Sleeping the full eight hours usually advised by doctors might not be necessary for everybody, according to a new study, which suggested there’s a gene that dictates how much sleep a person needs.
A researching team at the University of California, headed by Ying-Hui Fu, analyzed the genes of 12 members of a family that sleeps as little as 4.5 hours per night without feeling tired. They found they had a mutation in a gene called ADRB1.
“We all spend about one-third of our lives in the state of sleep,” Fu said. “In fact, considering how important sleep is to our well-being, it’s astonishing that we know so little about how sleep is regulated.”
The team bred rats with the same mutation, which slept about 55 minutes less per day. This correlated with altered activity in a brain region called the dorsal pons that is known to regulate sleep.
In normal rats, ADRB1-expressing brain cells were found to be inactive during most sleep stages, but active when they were awake. In the mutant ones, these cells were even more active during waking hours.
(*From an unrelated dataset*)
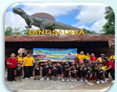
โครงการส่งเสริมการเรียนรู้ของเด็กในศูนย์พัฒนาเด็กเล็ก

The researchers also found they could wake up sleeping rats by artificially activating these ADRB1-expressing brain cells.
The results suggest that ADRB1-expressing brain cells promote wakefulness and that variations in the ADRB1 gene influence how long we can stay awake for each day, said Fu. Her team has previously found that mutations in other genes like DEC2 also make people need to sleep less.
These mutations don’t seem to be associated with any negative health consequences. “Most natural short sleepers are very happy about their sleep pattern – they usually fully take advantage of their extra time,” Fu told New Scientist.
The researchers think the ADRB1 and DEC2 mutations must have emerged recently in human history and haven’t had time to spread widely yet. “The 8-hour norm has been the standard for a long time, but somehow a few new mutations occurred recently and produced this seemingly advantageous trait,” Fud said.
While this is newly discovered mutated gene contributes to short sleep, the study highlighted it’s probably not the only one. There are likely more unrecognized genes and regions of the brain that tell our bodies when to go to bed and rise in the morning.
“Identifying genes, and mutations, that cause people to sleep less naturally without significant negative impact lays the groundwork for scientists to investigate how our sleep homeostasis and efficiency is regulated at the molecular and neuronal levels,” Fu says.